如果我正确理解您的问题,这是一种可能的解决方案。在简历中,我将销售额和购买数据组合在一起,并将其分组到销售块中(由销售ID给出)。这假设销售ID的顺序是根据日期列的。然后,我顺序循环浏览这些销售块,并将中间结果写入单个数据框架。对于每个销售块处理,将对同一股票的最后一个销售块结果过滤此结果数据框。这意味着销售量不得根据时间表大于可用数量(因为您无法出售自己没有的东西,无论如何,我必须将其指出为可能的限制)
提议的循环解决方案1不是在R中使用数据的最佳方法,因为它是一个循环,它会生长一个data.frame。由于您列出了
purrr
标签,因此我为答案的第二部分调整了与Map()函数一起工作的代码。在进入实际编码之前,让我们首先准备数据(以相同方式对答案的两个部分需要):
1标准循环
2循环循环恢复为purrr解决方案(请注意全局分配操作员(&lt;&lt; - 而不是) &lt ;-)用于在功能结束时分配DFO)
编辑
要跟踪其余股票,我们需要第二个DF来保存当前的投资组合数据。我没有优化代码并仅编辑循环,但是
purrr
适应应非常直接。If I understood your problem correctly this is one possible solution. In resume I am combinig the sales and buys data and group it in sales blocks (given by the sales ID). This assumes that the order of sales IDs is according to the date column. I then loop over these sales blocks sequentially and write the intermediate result to a individual dataframe. For each sales block processing this result dataframe is filtered for the last sales block result of the same ticker. This means sales quantity must not be larger than available quantity according to the timeline (since you can not sell what you not have this should not be of concern anyhow I have to point it out as a possible limitation)
The proposed loop solution 1 is not the best way to work data in R since it is a loop, which grows a data.frame. Since you listed the
purrr
tag I adapted the code for the second part of the answer to work with the map() function.Before we get to the actual coding lets prepare the data first (need for both parts of the answer the same way):
1 Standard loop
2 loop rephrase as purrr solution (be aware of the global assignment operartor (<<- instead of <-) for assignment of dfo at end of function)
EDIT
To keep track of the remaining stocks we need a second df to hold the current portfolio data. I did not optimize the code and editted only the loop, the
purrr
adaption should be pretty straight foreward though.这是我在@DPH 的帮助下得出的最终工作解决方案。我对@DPH 编辑的解决方案做了一些更改。
df[]
)更改为 dplyr 子集化(即df %>% filter()
)。出于某种原因,基本子集化导致我的实际数据集中出现具有 NA 值的行,即使它并没有导致示例数据集。 NA 行导致解决方案无法正常工作:数据框准备:
函数和 purrr:
如果有人有任何问题,请告诉我,我想将其放入闪亮的应用程序中,如果您有兴趣合作,请告诉我。

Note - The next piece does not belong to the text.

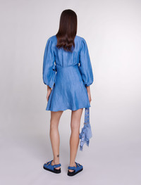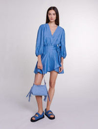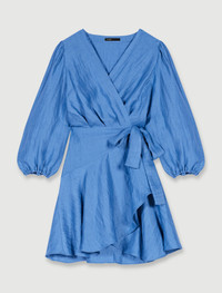 Linen wrap dress For this new collection, the Maje studio has taken timeless pieces and reinterpreted them with a bold new twist and feminine tailoring. This short linen dress is both chic and casual, with a wrap neck. Alongside full 3/4-length sleeves and elasticated cuffs, it has a fitted waistband with side ties and a slightly asymmetrical ruffled skirt. For an elegant, dainty look, go for a monochrome outfit with a bag and platform sandals, and accentuate your look with gold jewellery. - Short wrap dress - Ties - Ruffled skirt The model is 5' 9 and wears a size 36. Reference: MFPRO03617_0201 Composition & care Main fabric: 88% linen, 12% polyamide Gentle cycle 30° Do not bleach Do not tumble dry Iron at a maximum temperature of 110°C without steam F - Professional dry clean, with hydrocarbon solvent, normal treatment

Here is the final working solution that I have come to with the help of @DPH. I have made a couple of changes to @DPH's edited solution.
dfh
object. The updates solution does work with the modified dateset that I provided but not the original dateset. I have modified the answer so that it works when all shares are sold.df[]
) to dplyr subsetting (i.e.,df %>% filter()
. For some reason the base subsetting was resulting in rows with NA values in my actual dataset even though it did not cause that in the sample dataset. The NA rows caused the solution not to work.data frame prep:
function and purrr:
Let me know if anyone has any issues. I'd like to get this into a shinyapp and maybe develop it more. Let me know if you're interested in collaborating.